Pictures in the data should be dropped; transcribe exactly the lines from the one that has "Gucci, width cm, new" through the one that has "Sehubungan dengan adanya".

Information given:
_ _ _
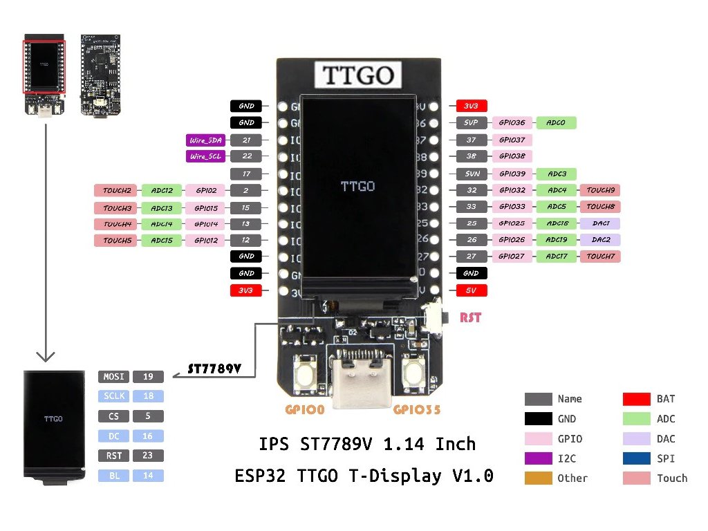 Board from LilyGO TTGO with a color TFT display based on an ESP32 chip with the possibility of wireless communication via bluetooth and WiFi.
_ _ _
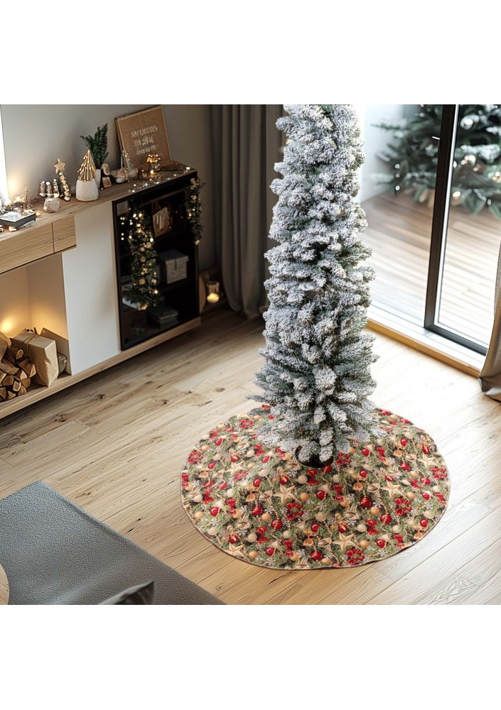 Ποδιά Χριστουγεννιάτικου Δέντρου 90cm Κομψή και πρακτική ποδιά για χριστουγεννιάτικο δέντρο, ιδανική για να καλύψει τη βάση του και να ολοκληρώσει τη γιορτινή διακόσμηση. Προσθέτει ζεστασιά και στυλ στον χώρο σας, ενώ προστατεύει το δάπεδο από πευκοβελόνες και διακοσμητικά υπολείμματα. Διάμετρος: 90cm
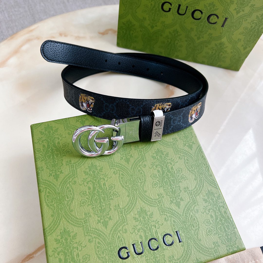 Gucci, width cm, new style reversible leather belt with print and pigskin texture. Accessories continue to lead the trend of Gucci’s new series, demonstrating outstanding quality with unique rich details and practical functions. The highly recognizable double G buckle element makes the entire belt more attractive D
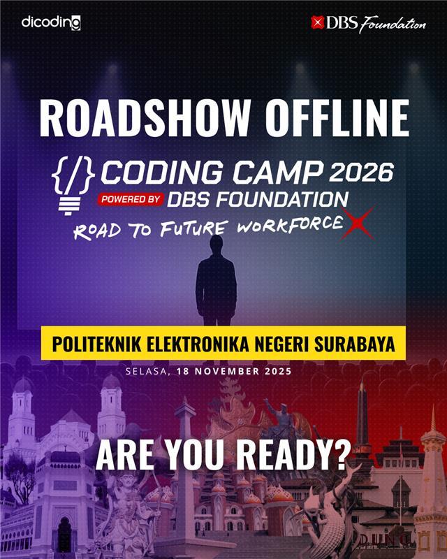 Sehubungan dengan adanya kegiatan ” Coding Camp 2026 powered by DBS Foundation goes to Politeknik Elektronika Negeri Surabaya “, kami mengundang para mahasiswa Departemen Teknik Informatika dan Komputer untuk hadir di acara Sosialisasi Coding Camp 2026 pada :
_ _ _
Task solution:
 Gucci, width cm, new style reversible leather belt with print and pigskin texture. Accessories continue to lead the trend of Gucci’s new series, demonstrating outstanding quality with unique rich details and practical functions. The highly recognizable double G buckle element makes the entire belt more attractive D
 Sehubungan dengan adanya kegiatan ” Coding Camp 2026 powered by DBS Foundation goes to Politeknik Elektronika Negeri Surabaya “, kami mengundang para mahasiswa Departemen Teknik Informatika dan Komputer untuk hadir di acara Sosialisasi Coding Camp 2026 pada :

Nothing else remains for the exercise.